What happened in the political arena is given precedence over all other aspects of human society, and behaviour. While this suits the elites of contemporary society and those happy to live in their shadow, it limits our understanding of what happened in earlier times. As humans, we are defined by our cultures as much as anything. In the modern world this has perhaps too often led to a concentration on specific languages, which are one aspect of culture but not its defining core, even if language is of major importance. Not so important however as what language carries. For it is through story, song and poetry as well as music and art that people gain an understanding of who they are and what their culture is – from whence, and whom, they have come.
In this regard, much of what has been presented as important in Scotland’s past has, like aspects of history that appeared in the previous volume, Scotland’s Future History, been subjected to obfuscation, manipulation and in some cases patronising and ignorant distortion.

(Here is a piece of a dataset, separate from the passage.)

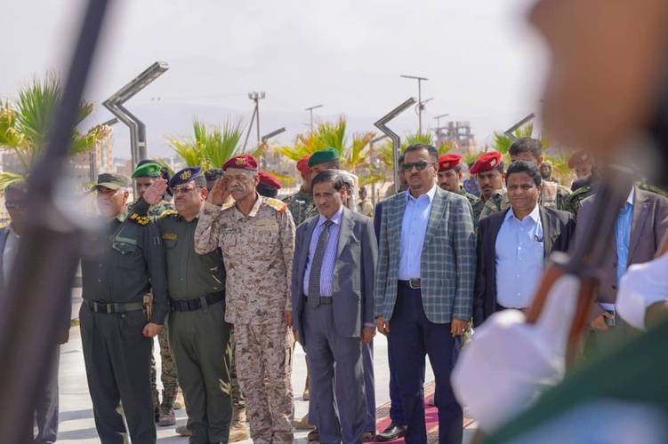 البحسني يضع إكليلًا من الورد على ضريح الجندي المجهول بالنصب التذكاري وساحة شهداء حضرموت

In this present volume, a variety of topics are considered, some of which are definitely outwith political history.
In Chapter One, Going Forward Looking Back, I suggest that we need to approach Scotland’s history through analysing the shared experiences of the population at large over time, focussing on the dominant socio-economic patterns that can be discerned as opposed to concentrating on what supposed ‘élites’ were up to. This leads into the next chapter, Fermtoun and Clachan, noting that the Clearances, Lowland then Highland, removed a pattern of occupation, common across the entire country, that had apparently changed little over many millennia. My contention is that the fundamental importance of the continuity of community underlies all of Scottish culture. In the following chapter, Another Story, I give a brief resume of a lifetime’s research into one particular motif that occurs in traditional tales, early histories and in the landscape. This is the theme of the Nine Maidens, tales which were not just common across the Celto-Germanic world but were known across the planet and may well have originally emanated from Africa. This underlines the reality that the peoples of Scotland have never inhabited an isolated backwater but were always part of world culture on many levels.
The following chapter is on Geomythography, which presents a new approach to considering our common past. This approach has developed over many years, following through on research into the Nine Maidens which led to considering how the pre-Christian peoples of Scotland saw their world, and how some of their ideas and evidence of their activities have survived. Chapter Five takes a brief look at the problem of how standard political history has almost totally ignored the role of women in the development of human culture and history. Though things have been changing in this regard over the past few decades, much remains to be done to offset how this has distorted our understanding of humanity’s development. I then consider the Kailyard, a term used to define a genre of 19th and early 20th century Scottish literature that has become a byword for what is presented as a couthy, backward and essentially overly twee version of Scotland and the Scots. Though I will be looking only at one story – Ian McLaren’s ‘The Posty’ – I am here suggesting that Kailyard is a valuable part of our culture and that we should celebrate it, not shrink from it.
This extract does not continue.